Suntech Power (NYSE: STP) is in a pickle that could lead to consequences as severe as an involuntary bankruptcy. On Monday, the company announced a forbearance agreement with lenders, essentially holding off payment on $541 million of bonds due on Friday. As more reports have emerged, it appears the forbearance agreement was only with 60% of bondholders and the other 40% want nothing to do with it.
Right now, it appears Suntech has no interest in paying bondholders on Friday and there's now speculation this could lead to lawsuits and even an involuntary bankruptcy. Bloomberg interviewed a hedge fund manager who said that the fund sees it as worthwhile to pursue a lawsuit if they aren't paid on Friday. But statements from law firm Wilmer Cutler Pickering Hale and Dorr LLP were even more telling. Bloomberg quotes partner James Millar as saying: "Every piece of information that I've looked at suggests that they will default on Friday." That's telling no matter what side you are on.
What is interesting with this debate is that the company could have converted bonds into stock if it would have alerted bondholders three days prior to maturity, which was yesterday. Since it didn't, it appears that the company will be forced to pay cash or wind up in court.
Implications across solar
Suntech is the news of the day but this has much wider impact on the solar industry than just one company. China's state-run banks haven't come to the rescue of Suntech even though it has billions of dollars of debt outstanding with them. China may finally be willing to let a few companies fail.

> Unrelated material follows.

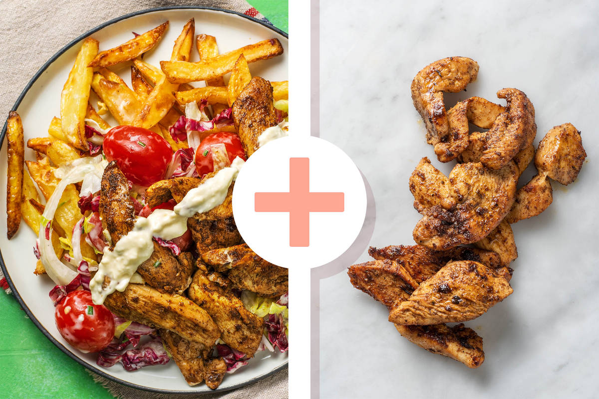 De originele kapsalon eet je vaak met shoarma of döner, maar wij hebben gekozen voor kipgyros. Het vlees hebben we alvast voor je gekruid met onder andere een mix van paprikapoeder, oregano, komijn, kardemom en knoflook. Deze twist op de kapsalon is wat minder vet dan het origineel. In plaats van de knoflooksaus maak je bijvoorbeeld zelf een dressing met karnemelk. Heb je dit niet in huis? Met onze tip maak je alsnog een lekkere dressing.
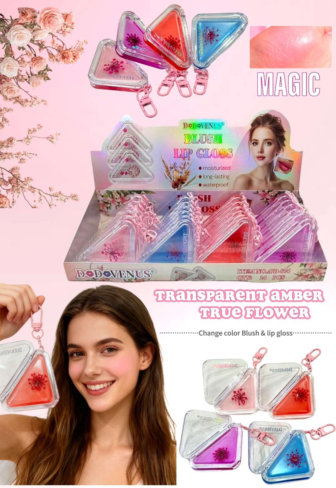acrylic color changing lip balm blush shared, easy to color, smear-proof makeup 中文版

This is bad news for Yingli Green Energy (NYSE: YGE) and LDK Solar (NYSE: LDK), in particular. Yingli has $2 billion of net debt, and at last count LDK Solar had $3.3 billion of net debt, both unsustainable in any normal business environment. Will the government let them fail as well, taking multiple gigawatts out of the industry's overcapacity? Many companies hope so.
A Suntech failure would be good for everyone else
If Suntech goes down it would really be good for everyone else in the industry. Solar is oversupplied right now and Suntech would take 2 GW of that supply off the market. I think U.S. solar companies would benefit the most but there would be winners in China as well.
JA Solar (NASDAQ: JASO) and Jinko Solar (NYSE:JKS) have two of the better balance sheets, and they could pick up some of the slack. Trina Solar would also be able to fill in, and with a bigger brand name than JA or Jinko it could experience expanding margins.
Foolish bottom line
This is exactly what the solar industry needs, even if solar stocks aren't reacting that way today. Keep an eye on Suntech's developments over the next few days to see if it evades this somehow, or if bondholders try to force the company into bankruptcy. It'll be a fascinating fight to watch.